**WORK ORDER**:
For this exercise, copy exactly the lines below from the one with "在培训会议上,非正式课程管理" through the one with "Lenjerie HoReCa, pat" and leave out the pictures.

[TASK DATA Boundary: Start]

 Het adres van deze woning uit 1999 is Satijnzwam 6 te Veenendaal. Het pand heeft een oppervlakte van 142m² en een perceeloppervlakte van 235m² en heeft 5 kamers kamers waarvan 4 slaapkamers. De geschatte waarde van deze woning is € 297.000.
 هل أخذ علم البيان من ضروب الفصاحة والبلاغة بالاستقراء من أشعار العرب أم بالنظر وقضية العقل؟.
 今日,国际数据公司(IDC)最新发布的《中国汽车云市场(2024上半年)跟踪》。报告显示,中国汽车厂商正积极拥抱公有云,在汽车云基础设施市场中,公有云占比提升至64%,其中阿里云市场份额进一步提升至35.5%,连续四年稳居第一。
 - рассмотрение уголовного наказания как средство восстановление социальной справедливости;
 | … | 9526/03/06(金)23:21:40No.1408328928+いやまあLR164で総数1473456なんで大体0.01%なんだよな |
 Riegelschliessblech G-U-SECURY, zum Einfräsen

[TASK DATA Boundary: End]
[TASK DATA Boundary: Start]

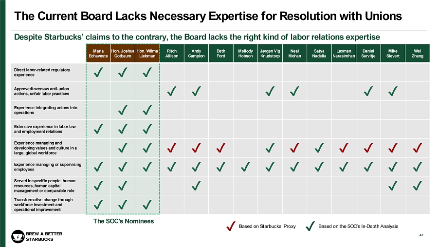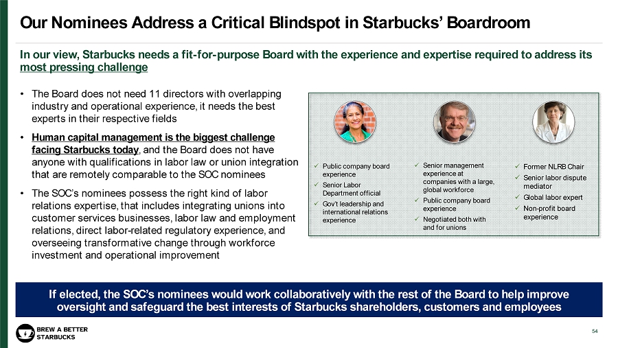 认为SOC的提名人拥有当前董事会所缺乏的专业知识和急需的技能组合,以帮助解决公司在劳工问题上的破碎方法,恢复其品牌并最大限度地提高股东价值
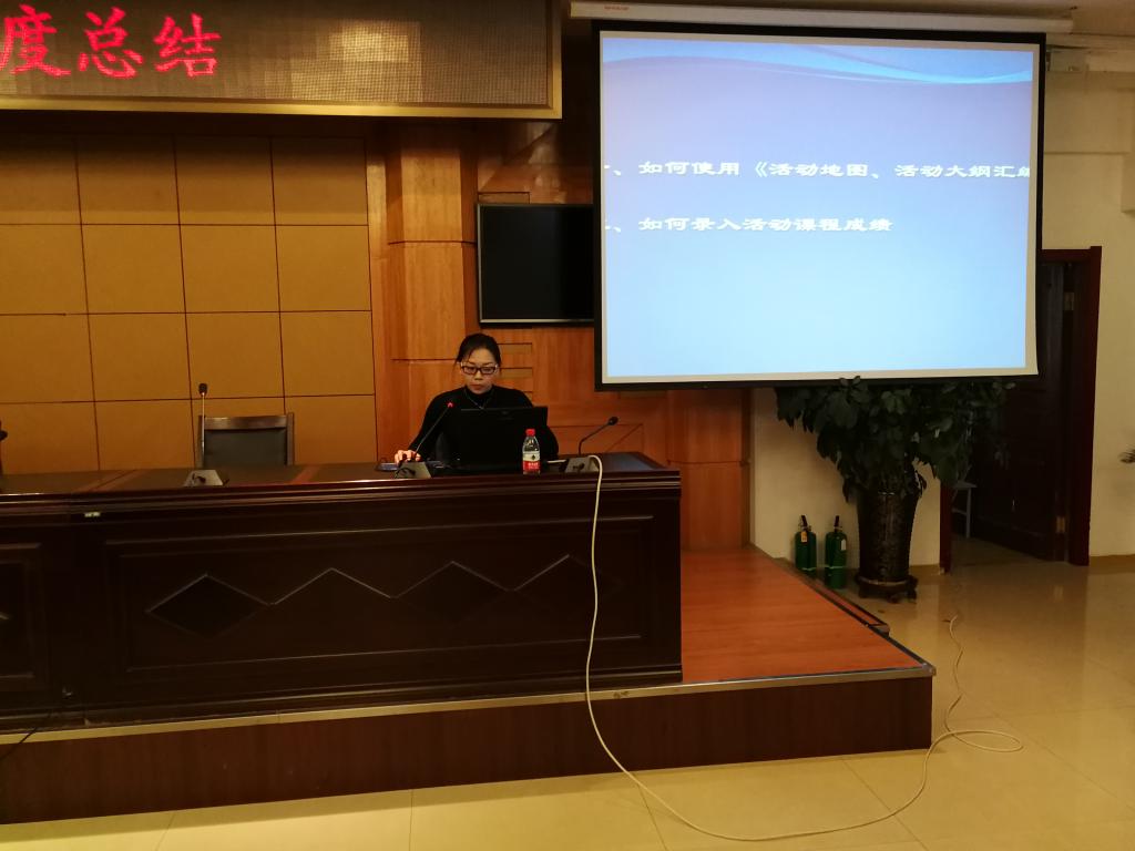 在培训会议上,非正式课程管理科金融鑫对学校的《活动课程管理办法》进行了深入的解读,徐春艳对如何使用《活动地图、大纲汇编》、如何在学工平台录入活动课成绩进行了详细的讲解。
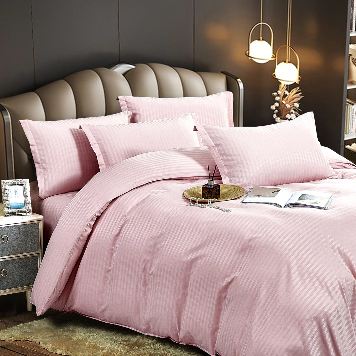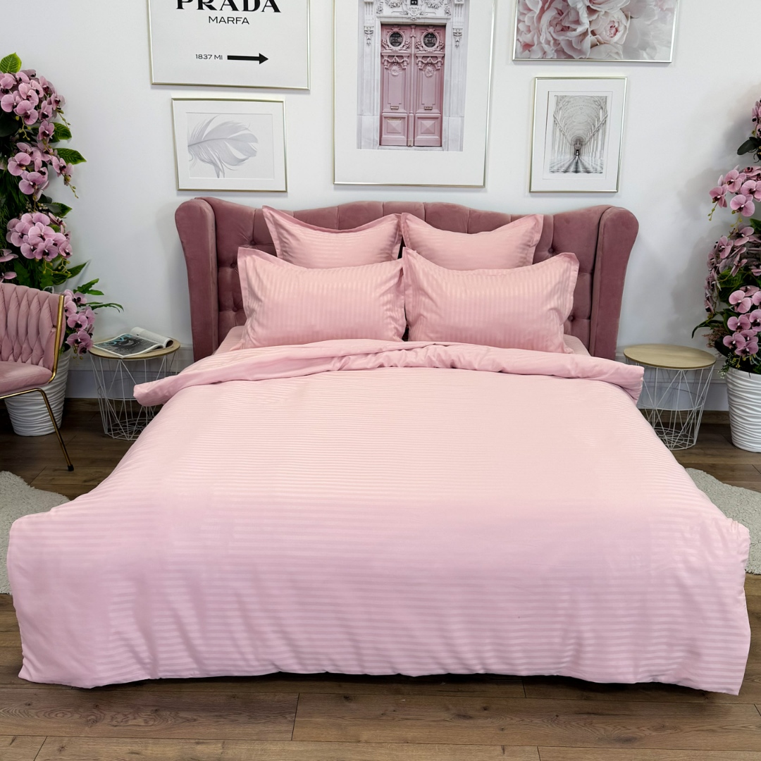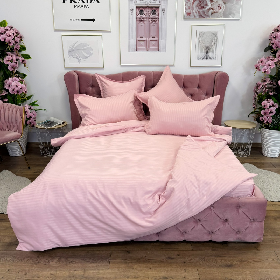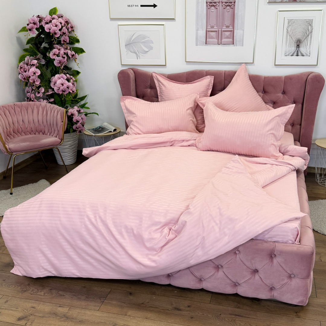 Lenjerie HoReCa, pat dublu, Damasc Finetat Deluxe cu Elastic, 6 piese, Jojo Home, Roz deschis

[TASK DATA Boundary: End]
[TASK DATA Boundary: Start]

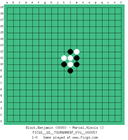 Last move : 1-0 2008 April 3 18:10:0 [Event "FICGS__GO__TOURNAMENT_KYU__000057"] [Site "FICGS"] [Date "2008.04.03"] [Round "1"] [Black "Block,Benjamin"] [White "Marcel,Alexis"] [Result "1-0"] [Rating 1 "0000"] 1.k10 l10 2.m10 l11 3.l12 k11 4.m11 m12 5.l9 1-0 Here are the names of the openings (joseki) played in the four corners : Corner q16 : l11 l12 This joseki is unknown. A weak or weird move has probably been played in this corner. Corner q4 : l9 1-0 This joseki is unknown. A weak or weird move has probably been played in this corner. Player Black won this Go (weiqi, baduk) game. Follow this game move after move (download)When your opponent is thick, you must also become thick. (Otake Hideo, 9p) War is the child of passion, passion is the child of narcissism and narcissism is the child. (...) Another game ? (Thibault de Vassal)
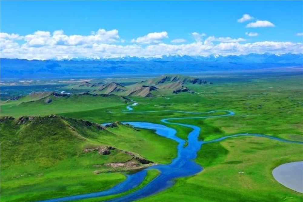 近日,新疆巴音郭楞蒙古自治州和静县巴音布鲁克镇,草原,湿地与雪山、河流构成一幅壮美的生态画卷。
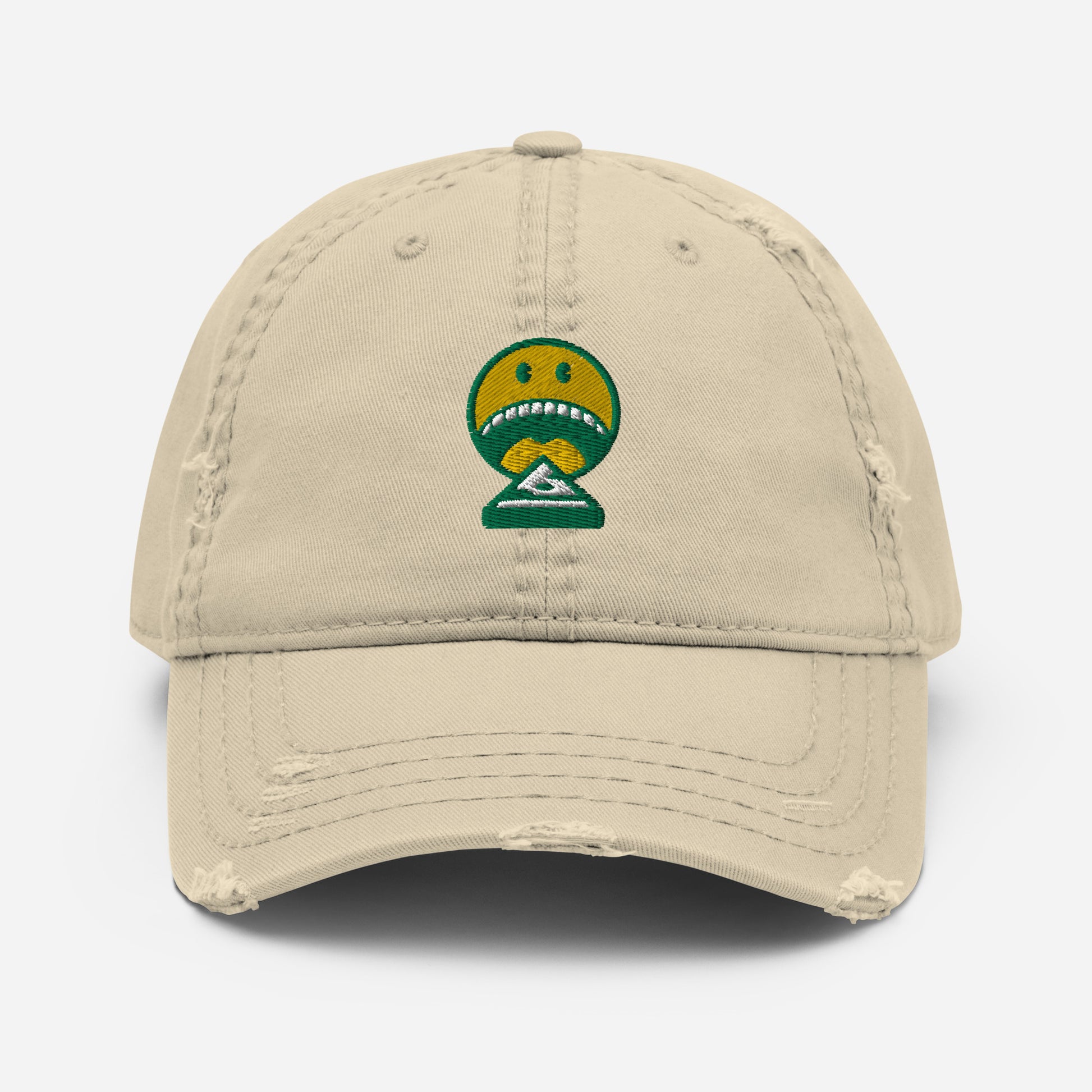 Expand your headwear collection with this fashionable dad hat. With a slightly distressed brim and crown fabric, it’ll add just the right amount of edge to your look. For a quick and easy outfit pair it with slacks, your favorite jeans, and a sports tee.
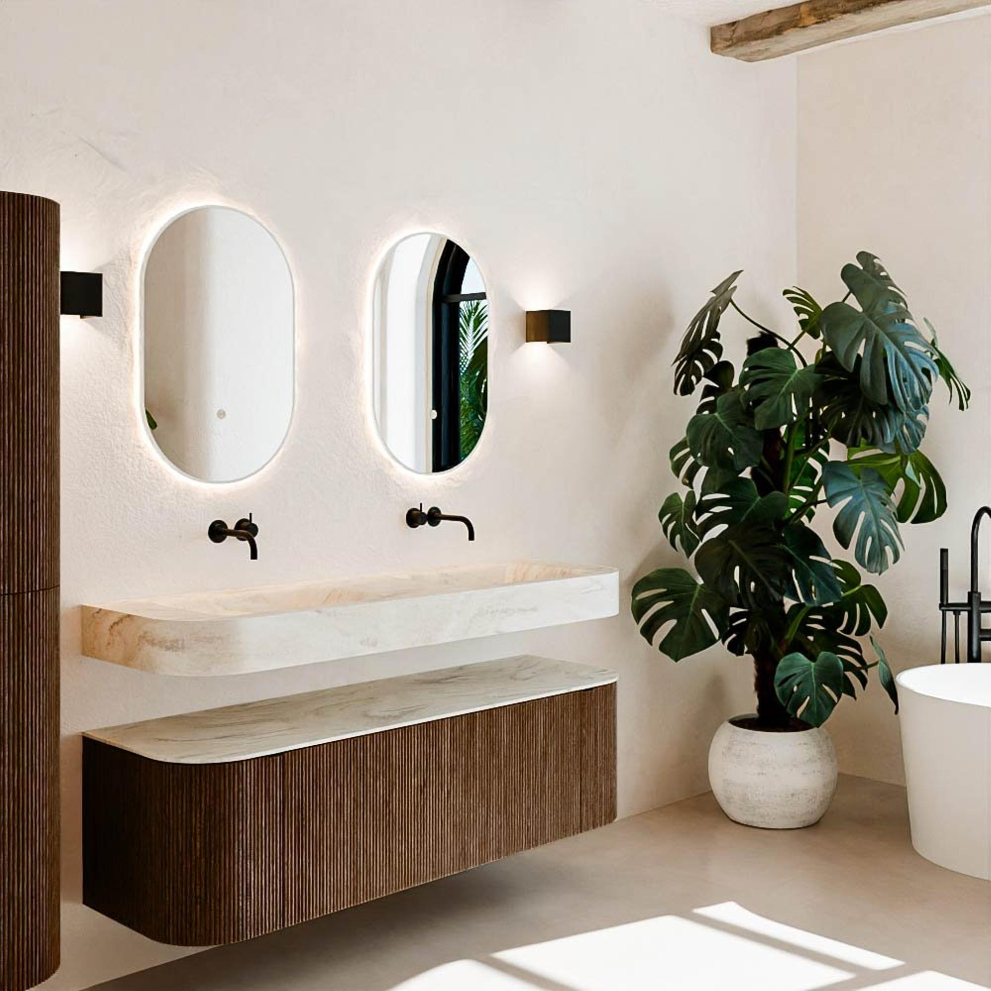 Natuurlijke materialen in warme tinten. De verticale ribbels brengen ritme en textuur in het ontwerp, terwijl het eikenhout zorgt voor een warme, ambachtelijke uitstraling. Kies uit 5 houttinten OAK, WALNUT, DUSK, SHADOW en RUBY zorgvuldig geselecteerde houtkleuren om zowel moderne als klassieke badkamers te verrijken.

[TASK DATA Boundary: End]

**OUTPUT FOR THIS EXERCISE**:
 在培训会议上,非正式课程管理科金融鑫对学校的《活动课程管理办法》进行了深入的解读,徐春艳对如何使用《活动地图、大纲汇编》、如何在学工平台录入活动课成绩进行了详细的讲解。
 Lenjerie HoReCa, pat dublu, Damasc Finetat Deluxe cu Elastic, 6 piese, Jojo Home, Roz deschis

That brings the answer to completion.